> EXERCISE BRIEF:
You are asked to copy the entire listing exactly, apart from its pictures.

> RECORDS FOR THE EXERCISE:
= Beginning of Section =
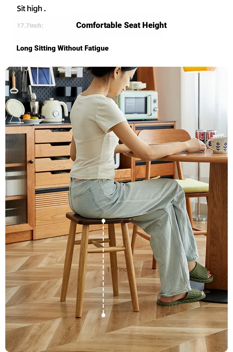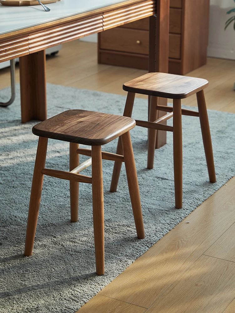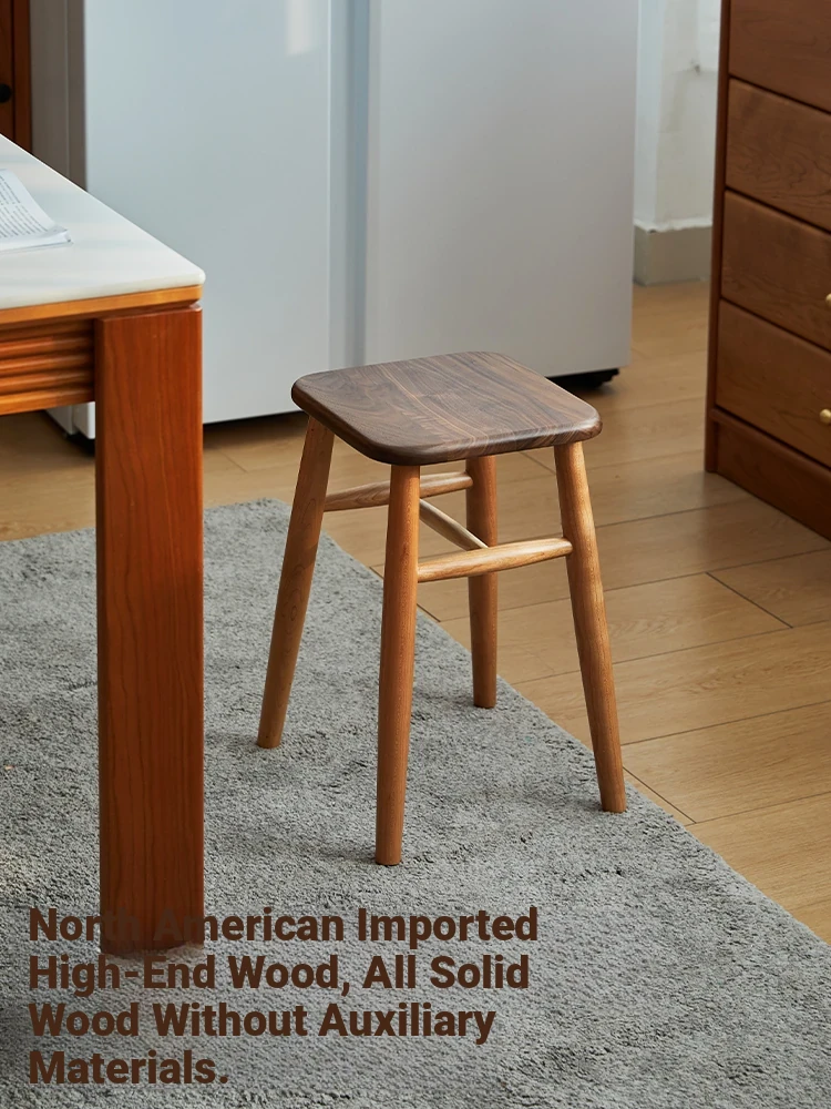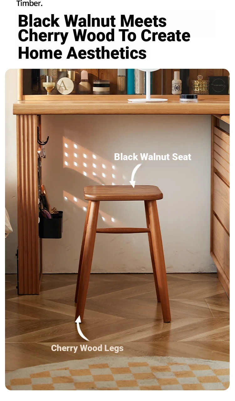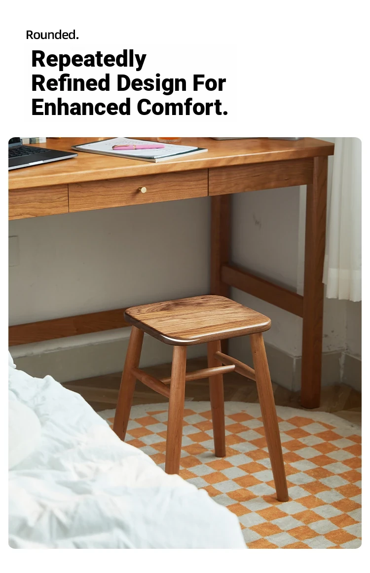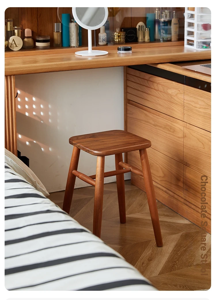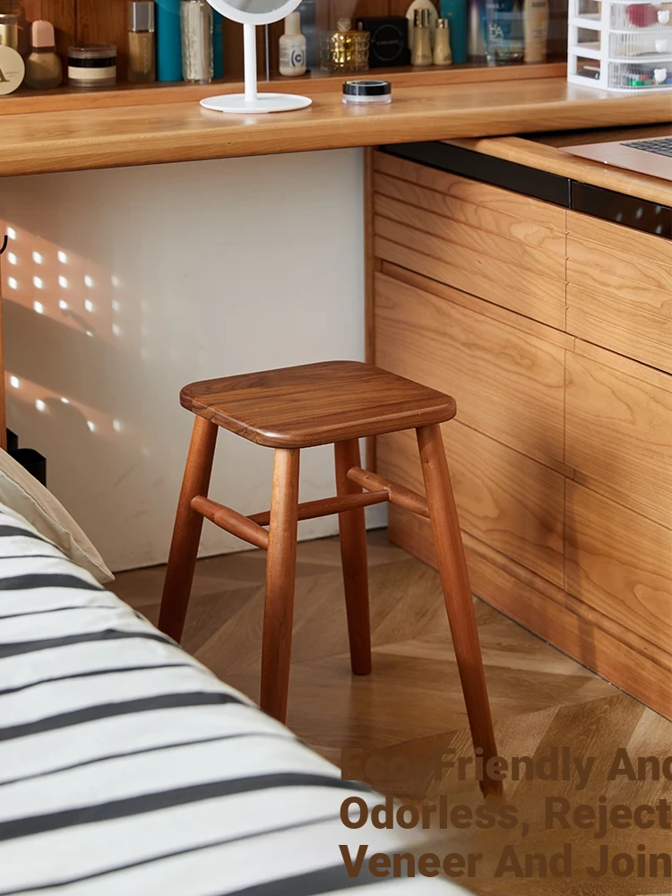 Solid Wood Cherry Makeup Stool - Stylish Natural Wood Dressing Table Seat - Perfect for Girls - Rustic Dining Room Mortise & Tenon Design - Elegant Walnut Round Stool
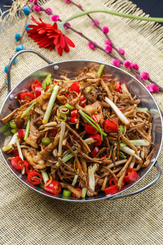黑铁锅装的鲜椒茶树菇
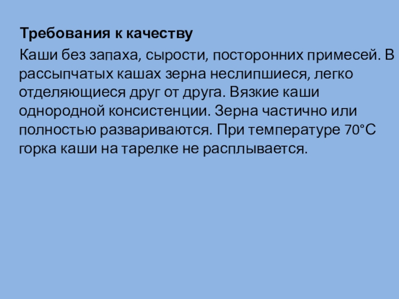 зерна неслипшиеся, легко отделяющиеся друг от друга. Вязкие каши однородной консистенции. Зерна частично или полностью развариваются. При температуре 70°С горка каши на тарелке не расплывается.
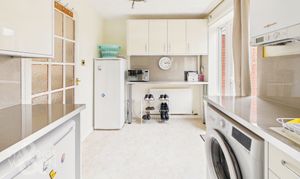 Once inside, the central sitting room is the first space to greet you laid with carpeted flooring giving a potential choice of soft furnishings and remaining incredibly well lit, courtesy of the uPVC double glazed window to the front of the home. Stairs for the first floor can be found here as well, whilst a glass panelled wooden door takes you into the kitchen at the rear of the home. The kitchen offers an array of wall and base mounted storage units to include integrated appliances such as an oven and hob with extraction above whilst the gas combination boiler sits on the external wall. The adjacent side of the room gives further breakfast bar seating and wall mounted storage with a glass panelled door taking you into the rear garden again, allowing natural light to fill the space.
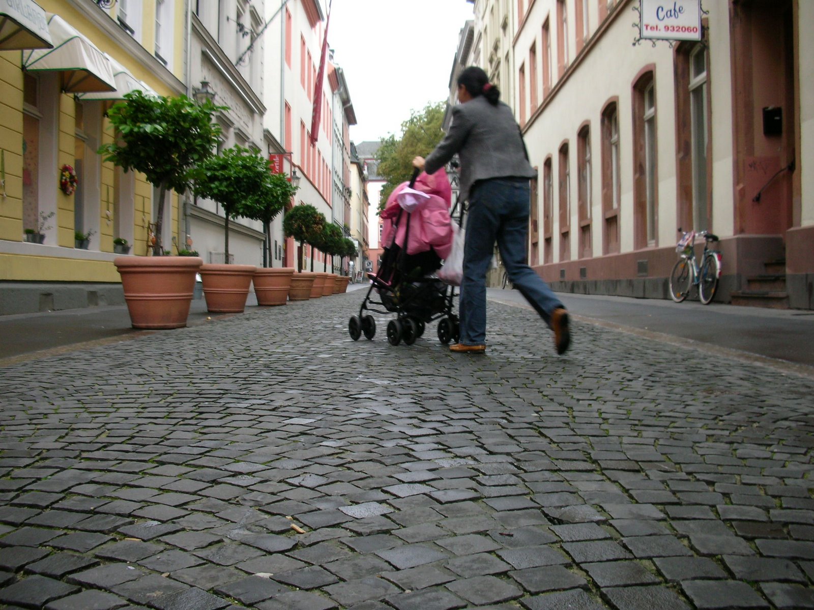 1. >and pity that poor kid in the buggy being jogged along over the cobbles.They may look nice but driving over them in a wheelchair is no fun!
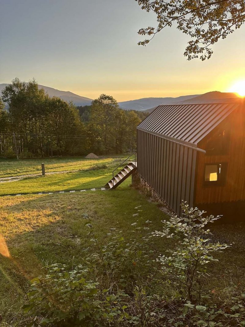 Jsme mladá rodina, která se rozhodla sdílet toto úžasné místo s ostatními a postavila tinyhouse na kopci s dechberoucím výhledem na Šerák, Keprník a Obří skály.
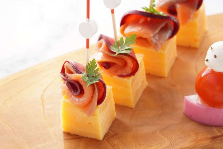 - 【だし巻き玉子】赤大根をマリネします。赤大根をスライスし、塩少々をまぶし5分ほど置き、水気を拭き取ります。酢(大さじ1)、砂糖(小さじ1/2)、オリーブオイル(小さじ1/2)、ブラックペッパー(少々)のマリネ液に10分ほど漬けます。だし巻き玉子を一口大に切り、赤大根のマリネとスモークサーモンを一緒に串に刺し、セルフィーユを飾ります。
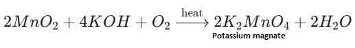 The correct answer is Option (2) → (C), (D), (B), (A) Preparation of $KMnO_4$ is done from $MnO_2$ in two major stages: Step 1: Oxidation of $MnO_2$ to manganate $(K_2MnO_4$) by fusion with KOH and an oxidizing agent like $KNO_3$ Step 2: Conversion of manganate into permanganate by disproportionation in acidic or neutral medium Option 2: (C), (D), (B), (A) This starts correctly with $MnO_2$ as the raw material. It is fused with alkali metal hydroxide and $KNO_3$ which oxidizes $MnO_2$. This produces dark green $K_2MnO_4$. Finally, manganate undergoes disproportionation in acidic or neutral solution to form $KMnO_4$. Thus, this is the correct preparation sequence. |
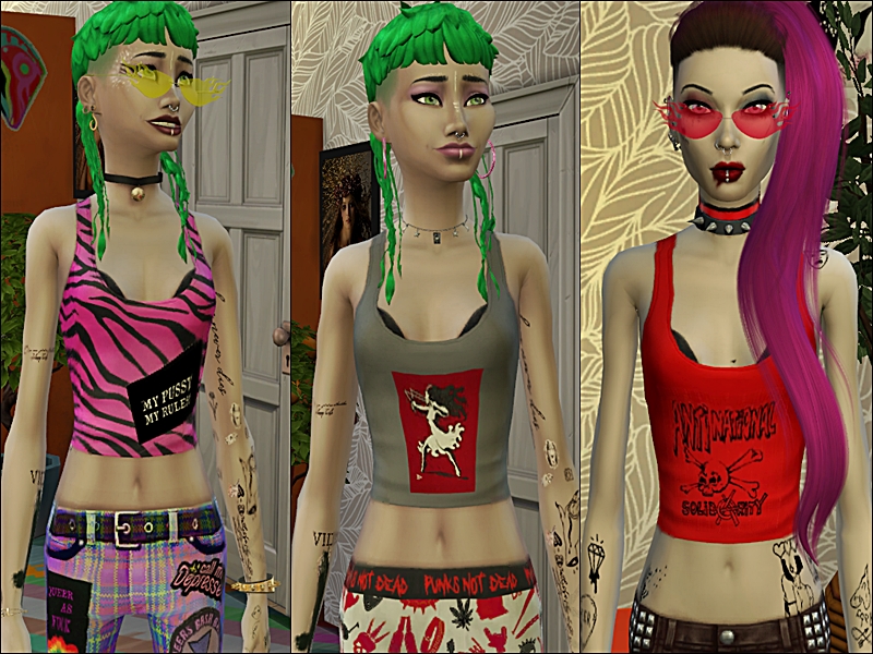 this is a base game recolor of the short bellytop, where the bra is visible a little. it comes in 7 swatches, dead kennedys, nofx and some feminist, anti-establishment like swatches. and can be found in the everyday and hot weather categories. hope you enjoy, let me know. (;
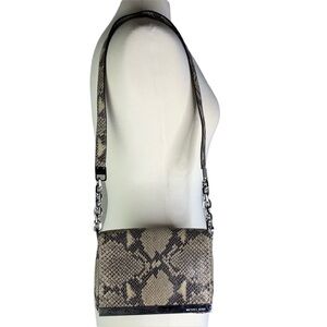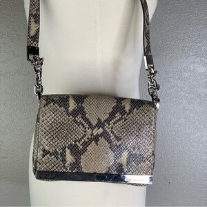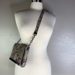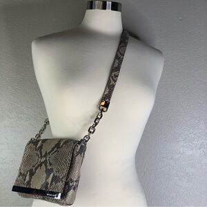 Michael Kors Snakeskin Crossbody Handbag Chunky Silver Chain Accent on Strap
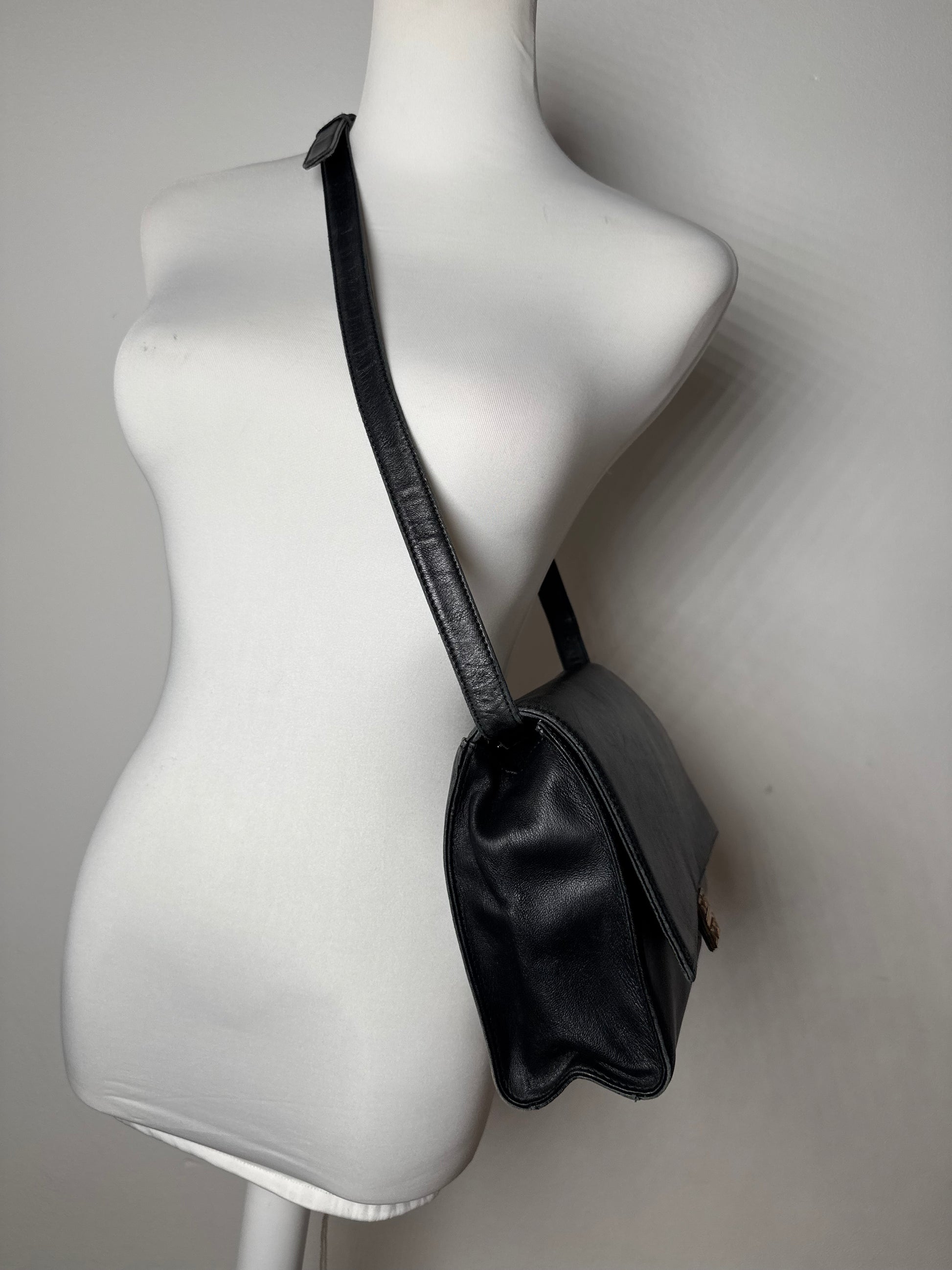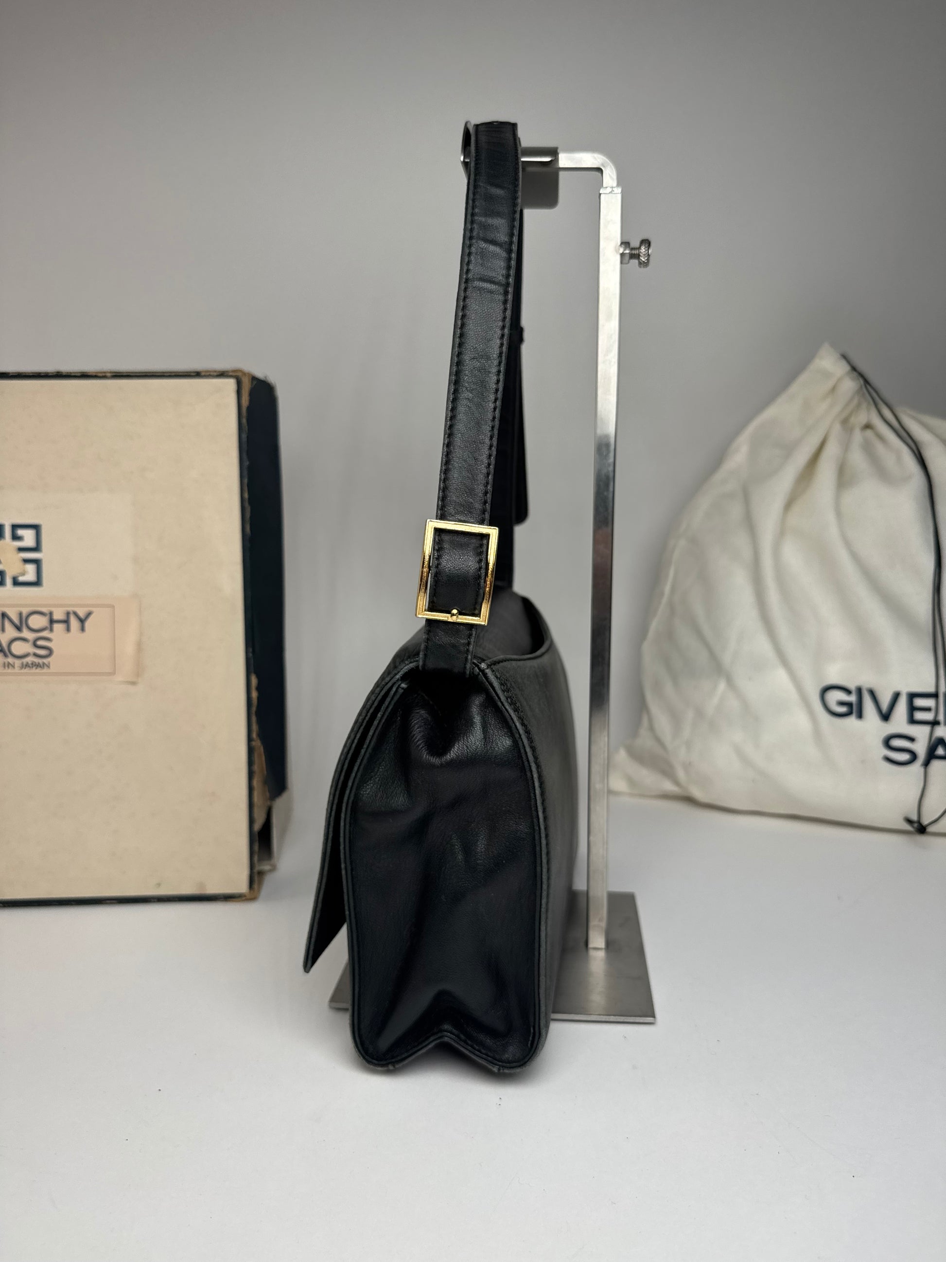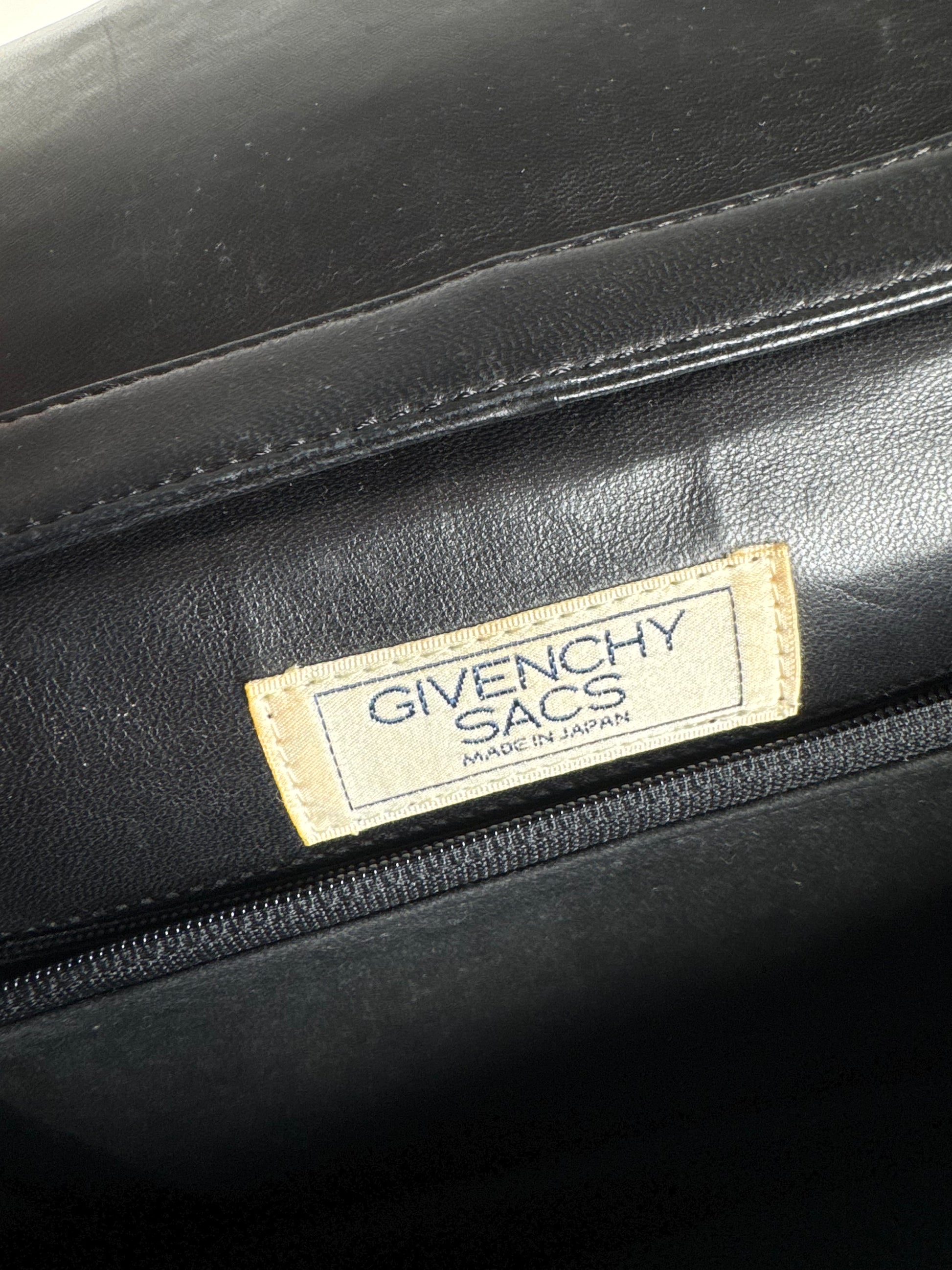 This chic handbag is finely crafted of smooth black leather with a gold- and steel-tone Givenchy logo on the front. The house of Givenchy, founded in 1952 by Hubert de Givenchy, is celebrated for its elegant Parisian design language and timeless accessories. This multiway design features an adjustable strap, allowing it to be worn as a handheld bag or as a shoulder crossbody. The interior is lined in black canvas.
= End of Section =
> RESPONSE BELOW:
 Solid Wood Cherry Makeup Stool - Stylish Natural Wood Dressing Table Seat - Perfect for Girls - Rustic Dining Room Mortise & Tenon Design - Elegant Walnut Round Stool
黑铁锅装的鲜椒茶树菇
 зерна неслипшиеся, легко отделяющиеся друг от друга. Вязкие каши однородной консистенции. Зерна частично или полностью развариваются. При температуре 70°С горка каши на тарелке не расплывается.
 Once inside, the central sitting room is the first space to greet you laid with carpeted flooring giving a potential choice of soft furnishings and remaining incredibly well lit, courtesy of the uPVC double glazed window to the front of the home. Stairs for the first floor can be found here as well, whilst a glass panelled wooden door takes you into the kitchen at the rear of the home. The kitchen offers an array of wall and base mounted storage units to include integrated appliances such as an oven and hob with extraction above whilst the gas combination boiler sits on the external wall. The adjacent side of the room gives further breakfast bar seating and wall mounted storage with a glass panelled door taking you into the rear garden again, allowing natural light to fill the space.
 1. >and pity that poor kid in the buggy being jogged along over the cobbles.They may look nice but driving over them in a wheelchair is no fun!
 Jsme mladá rodina, která se rozhodla sdílet toto úžasné místo s ostatními a postavila tinyhouse na kopci s dechberoucím výhledem na Šerák, Keprník a Obří skály.
 - 【だし巻き玉子】赤大根をマリネします。赤大根をスライスし、塩少々をまぶし5分ほど置き、水気を拭き取ります。酢(大さじ1)、砂糖(小さじ1/2)、オリーブオイル(小さじ1/2)、ブラックペッパー(少々)のマリネ液に10分ほど漬けます。だし巻き玉子を一口大に切り、赤大根のマリネとスモークサーモンを一緒に串に刺し、セルフィーユを飾ります。
 The correct answer is Option (2) → (C), (D), (B), (A) Preparation of $KMnO_4$ is done from $MnO_2$ in two major stages: Step 1: Oxidation of $MnO_2$ to manganate $(K_2MnO_4$) by fusion with KOH and an oxidizing agent like $KNO_3$ Step 2: Conversion of manganate into permanganate by disproportionation in acidic or neutral medium Option 2: (C), (D), (B), (A) This starts correctly with $MnO_2$ as the raw material. It is fused with alkali metal hydroxide and $KNO_3$ which oxidizes $MnO_2$. This produces dark green $K_2MnO_4$. Finally, manganate undergoes disproportionation in acidic or neutral solution to form $KMnO_4$. Thus, this is the correct preparation sequence. |
 this is a base game recolor of the short bellytop, where the bra is visible a little. it comes in 7 swatches, dead kennedys, nofx and some feminist, anti-establishment like swatches. and can be found in the everyday and hot weather categories. hope you enjoy, let me know. (;
 Michael Kors Snakeskin Crossbody Handbag Chunky Silver Chain Accent on Strap
 This chic handbag is finely crafted of smooth black leather with a gold- and steel-tone Givenchy logo on the front. The house of Givenchy, founded in 1952 by Hubert de Givenchy, is celebrated for its elegant Parisian design language and timeless accessories. This multiway design features an adjustable strap, allowing it to be worn as a handheld bag or as a shoulder crossbody. The interior is lined in black canvas.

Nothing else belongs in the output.